Charles Henderson is a fictional character from the Henderson's Boys series by English author Robert Muchamore. He is the founder of CHERUB and member of the obscure branch of Naval intelligence known as the Espionage Research Unit.

== Background and life ==
Charles Henderson attended Burghley Road Grammar school, leaving at the age of fifteen. He worked briefly at a die-cast metal works before following his father into the Royal Navy. He served on several different ships and reached the role of Commander by his early twenties. He turned down two offers of Captain. Henderson's language skills - which were very advanced - meant that he was more suited to a desk job.

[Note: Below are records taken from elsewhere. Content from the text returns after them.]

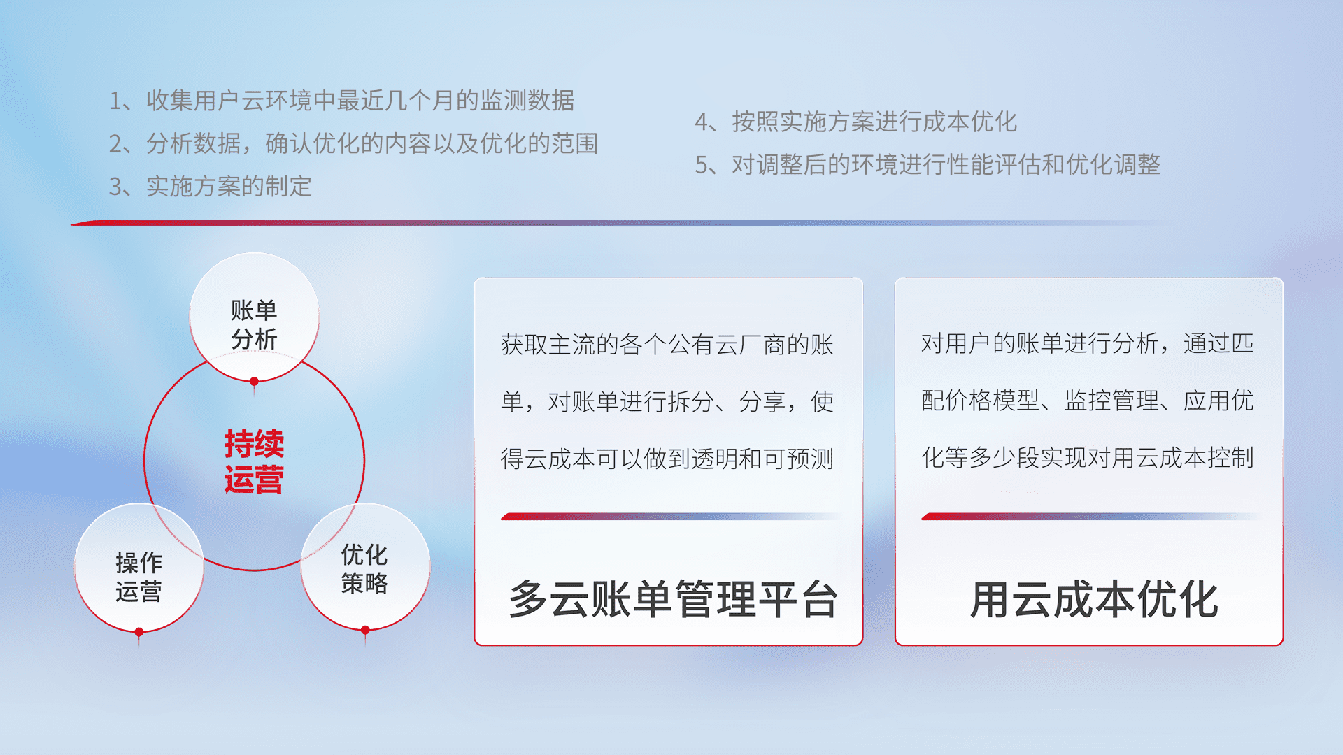 通过多云纳管,,,以统一的资源数据模型把客户的云资源进行抽象和封装,,进而实现对多云资源的统一操作,,,,保障云资源管理的可靠性、、稳定性与可用性。。。。量身定制化运维内容,,,,配置、、、开发运维、、、补丁管理、、备份、、、监控、、认证和访问管理、、审计和日常巡检等,,,,保障在用云过程中的可靠度,,,,稳定度以及高可用率。。。
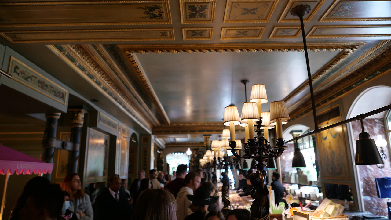 예전에 어릴 때 누나가 유럽 여행을 다녀와서 라뒤레 마카롱을 사다 준 적이 있는데 정말 너무 맛있었다. 거의 10년만에 그 맛을 보러 내가 직접 라뒤레에 갔다! 10년 전 먹었던 그 마카롱 이후에 먹었던 마카롱은 마카롱으로 느껴지지 않았었다. 긴 역사가 있는 이 마카롱 집은 줄을 서야만 들어갈 수 있었다. 내부도 너무 화려하고 예쁘게 잘 되어있다.
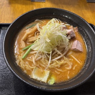 「コラーゲンたっぷりのゲンコツをしようしたスープに京都の桜味噌、越後こし、糀こし、江戸甘味噌を独自の配合でブレンドした特製の味噌だれを使用したスープ。青森県産のにんにくを100%使用した秘伝の香味油が旨味と深みを一層引き立てます。」
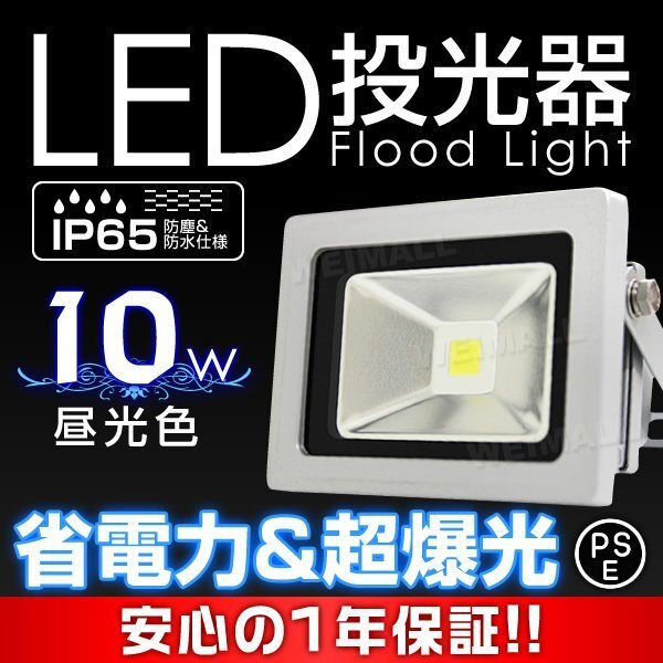 - 即納! LED投光器 100v 10w 昼光色100w相当 PSE取得済 3mコード付

In 1935, he was transferred to the Espionage research Unit. In 1939, as World War II broke out, he was sent to Europe to liaise with resistance movements. In 1940 he was sent to retrieve Paul and Rosie Clarke, two British children in possession of valuable radio blueprints that the Nazis also wanted. In his mission to get to the children first, he enlisted the help of Marc Kilgour, a French orphan. After successfully evacuating the children to England with the radio blueprints, he realized how useful children could be as spies and so persuaded the government to set up CHERUB.

He was shot and murdered by his wife Joan for reasons unknown in 1946.

== Physical appearance ==
Henderson is above average height with dark hair. He has a slightly unkempt appearance but has good teeth.

== Academia ==
Henderson has an aptitude for languages; he speaks the five major European languages fluently and can mimic regional dialects accurately.

== Appearances ==
=== The Escape ===
Henderson is undertaking an operation in France. German agents are tracking two children, Paul and Rosie Clarke. He has to reach them before they do. He finds himself enlisting the help of Marc Kilgour, a French orphan. Paul and Rosie have the plans for a top-secret radio receiver which must be delivered back to England. Henderson accompanies them across France to Bordeaux where he sends them on their way. Henderson stays with Marc to get him a passport so that he can make the crossing

=== Eagle Day ===
Henderson has to contact the British Secret Service with plans of the German invasion of Britain. He takes a job as a translator for the Germans so he can copy the invasion plans. Marc also becomes a translator for the Germans and assists Henderson with the operation. Henderson returns to Britain at the end of the book announcing that staying much longer in occupied France would be a suicide mission.

=== One Shot Kill ===
Henderson is tasked with leading a team of CHERUB agents and an American sergeant into occupied France in an effort to stop the development of the V-1 Flying Bomb.

=== Grey Wolves ===
Henderson is tasked with commanding an undercover operation with 6 CHERUB agents. During which, his son - Terence Henderson, future chairman of CHERUB - is born and he is promoted to Captain.